DES MOINES – Sen. Amy Klobuchar didn't have much to say about the White House, or its current occupant, as she mingled Sunday with hundreds of Iowa Democratic activists who will play an outsized role in picking the party's next presidential candidate.
Instead, Minnesota's senior senator talked jobs and education and rural broadband. But her mere presence at a Polk County fundraiser — she's one of the first national politicians to venture into this early presidential state since Trump took office — inevitably set off speculation about Klobuchar's 2020 aspirations.
Nothing to see here, Klobuchar assured curious reporters. Just a Midwestern Democrat talking to other Midwestern Democrats about heartland policies and priorities, while being trailed by a C-Span camera crew.
"We are the people in the middle of this country," Klobuchar said. "Those of us in the middle of this country will not be forgotten. We have a voice and people should listen."
With a 2018 re-election race in Minnesota still in front of her, Klobuchar in an interview sidestepped the presidential question. Still, with a 72 percent home-state approval rating in last month's Minnesota Poll, she offered herself as a national voice for a political party trying to find a path back to power.
"There are so many people on TV all the time who are from the coasts and I think we need a voice from the Midwest, especially in a state like Iowa where not only did Democrats not fare well in the presidential but also on the local level," Klobuchar said. "I thought it was important to come down here and talk — not just moaning in the backyard but working toward something."

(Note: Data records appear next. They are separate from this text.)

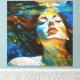 “Selene” - Women In Water. In this serene, colourful fine art women water scene, a beautiful woman with long red hair floats in a blue swirling sea. Sunlight dapples her peaceful face beneath the water's surface. With eyes closed and face lifted, she absorbs the light, embodying a strong, resilient, and inspiring figure in this multi-coloured picture.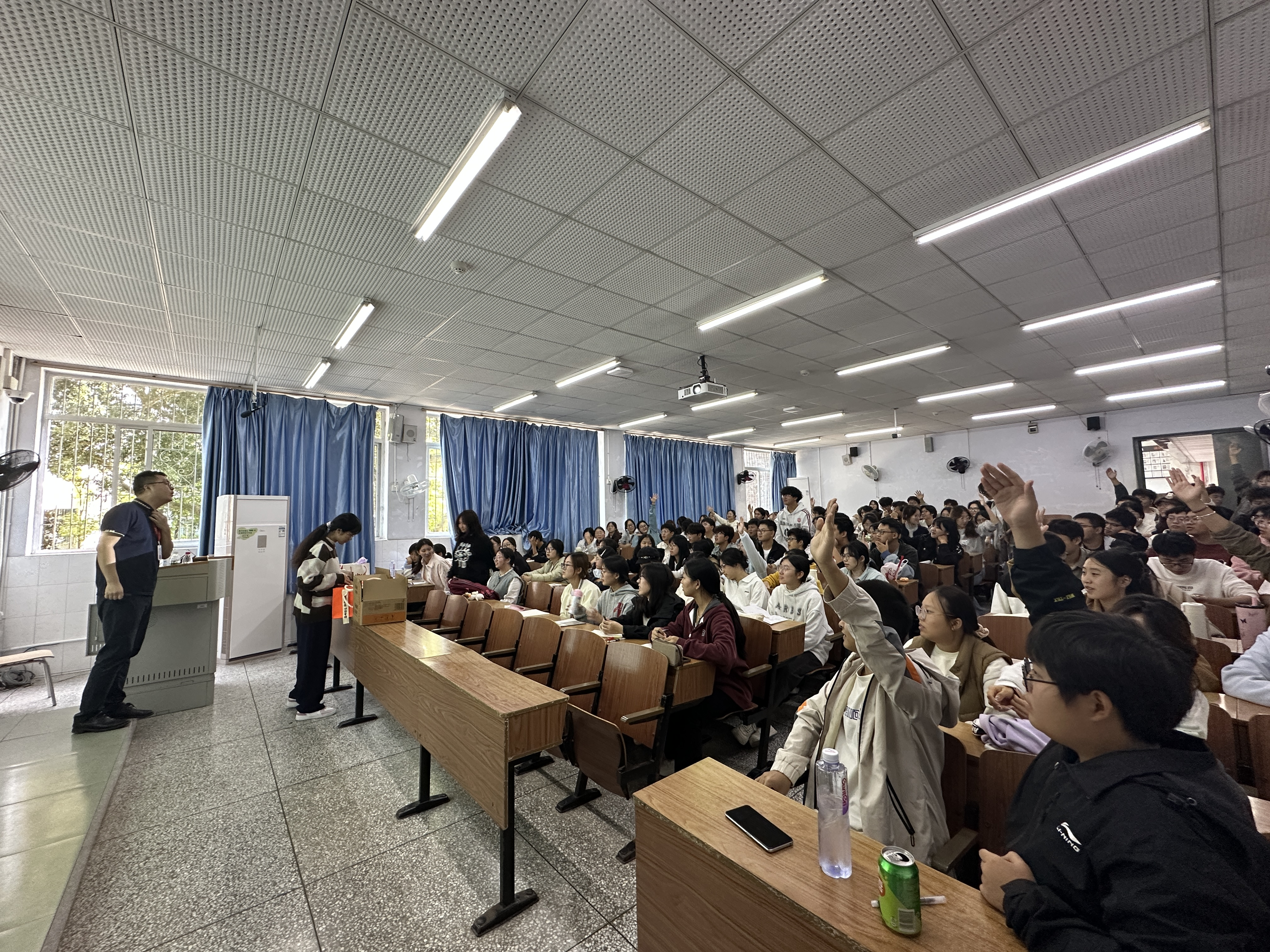 课堂上,徐萌以“餐饮幕后的‘调味人’”为切入点,围绕餐饮行业发展趋势、火锅行业前沿动态、聚慧餐调技术创新实践三大主题展开详细讲解。为激发学生主动思考,授课过程中特别设置互动问答环节,同学们踊跃举手、积极回应,现场气氛热烈。对于回答正确的学生,徐总监还现场颁发了聚慧食品科技有限公司定制纪念品,进一步调动了课堂参与积极性。授课尾声,徐总监鼓励同学们关注“食品数智化”“天然发酵”“功能调味品”等未来核心发展方向,并着重强调“持续学习与跨界创新”对专业成长的重要意义,为学生们提供了极具价值的行业指引。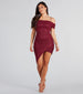 A glitter mini dress to dazzle the night away! This showstopping mini-length dress features an off-the-shoulder neckline. spaghetti straps. a front foldover design. and ruched side seams for a bodycon silhouette and a trendy asymmetrical hem on glitter mesh fabric. Complete the look in platform heels for a night on the town!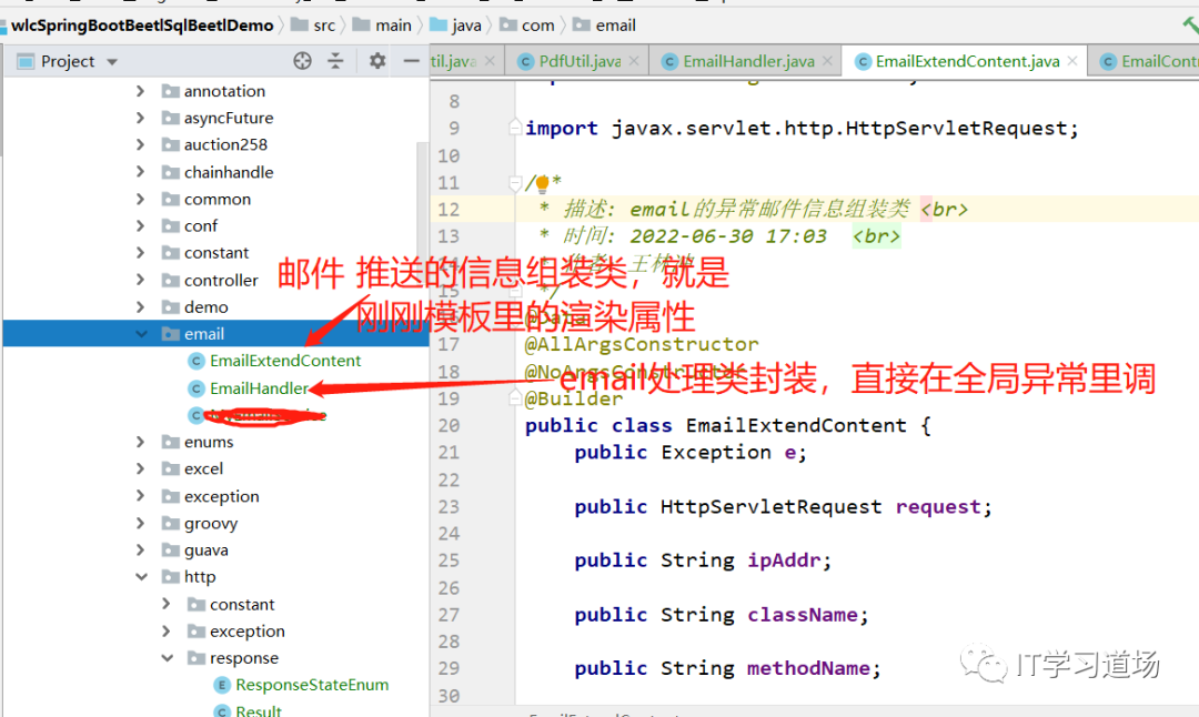 import com.utils.IPUtil;import lombok.AllArgsConstructor;import lombok.Builder;import lombok.Data;import lombok.NoArgsConstructor;import javax.servlet.http.HttpServletRequest;/*** 描述: email的异常邮件信息组装类 <br>* 时间: 2022-06-30 17:03 <br>* 作者:IT学习道场*/@Data@AllArgsConstructor@NoArgsConstructor@Builderpublic class EmailExtendContent {//异常public Exception e;//请求requestpublic HttpServletRequest request;//ip地址public String ipAddr;//类命public String className;//方法名public String methodName;//发生异常的行号public int lineNumber;public EmailExtendContent(Exception e, HttpServletRequest request) {this.e = e;this.request = request;handler();}void handler(){StackTraceElement stackTraceElement = e.getStackTrace()[0];// 获取类名ipAddr = IPUtil.getIpAddr(request);className = stackTraceElement.getClassName();methodName = stackTraceElement.getMethodName();lineNumber = stackTraceElement.getLineNumber();}}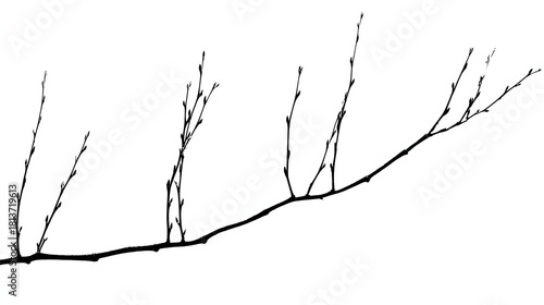 extension. New botanical buds extending from a main branch in minimalist illustration. gardening catalogs, home-decor guides, designed for gardening and botanical catalogs.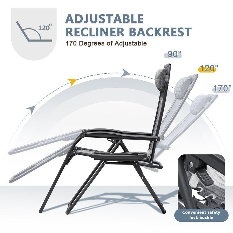 - Veuillez vous asseoir sur le fauteuil zéro gravité de terrasse et inclinez-vous à l'angle souhaité, puis verrouillez l'appareil.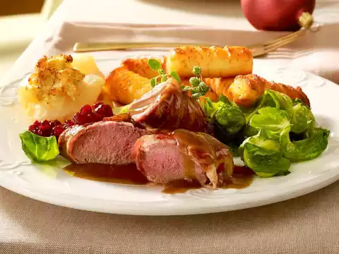 Heat 1 tablespoon of oil in a frying pan. Fry venison medallions in it for about 3 minutes on each side. Take them out, cover and let them rest for a short time.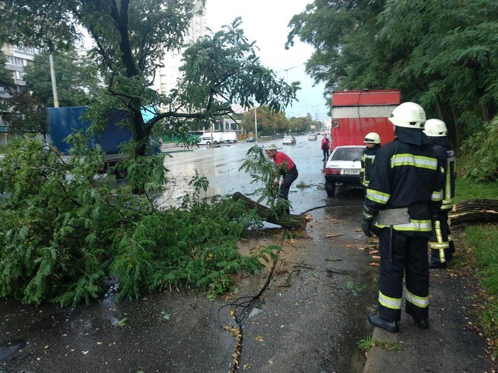 О 14:57 до оперативно-координаційного центру Головного управління ДСНС України у Києві надійшло повідомлення про те, що на проїжджу частину дороги на перехресті провулку. Приладний та вул. Робітнича впало дерево. На місце події прибули рятувальники 9-ї Державної пожежно-рятувальної частини.

The activists who gathered in a downtown Des Moines conference hall Sunday evening welcomed their neighboring senator with handshakes and selfies. But most of their attention was fixed on political targets closer to home, like the upcoming gubernatorial elections, and conservative legislation passed by the new GOP majorities in the state Legislature.
Longtime Democratic activist Rick Smith of Urbandale said the 2016 election has galvanized more first-time activists than he's ever seen.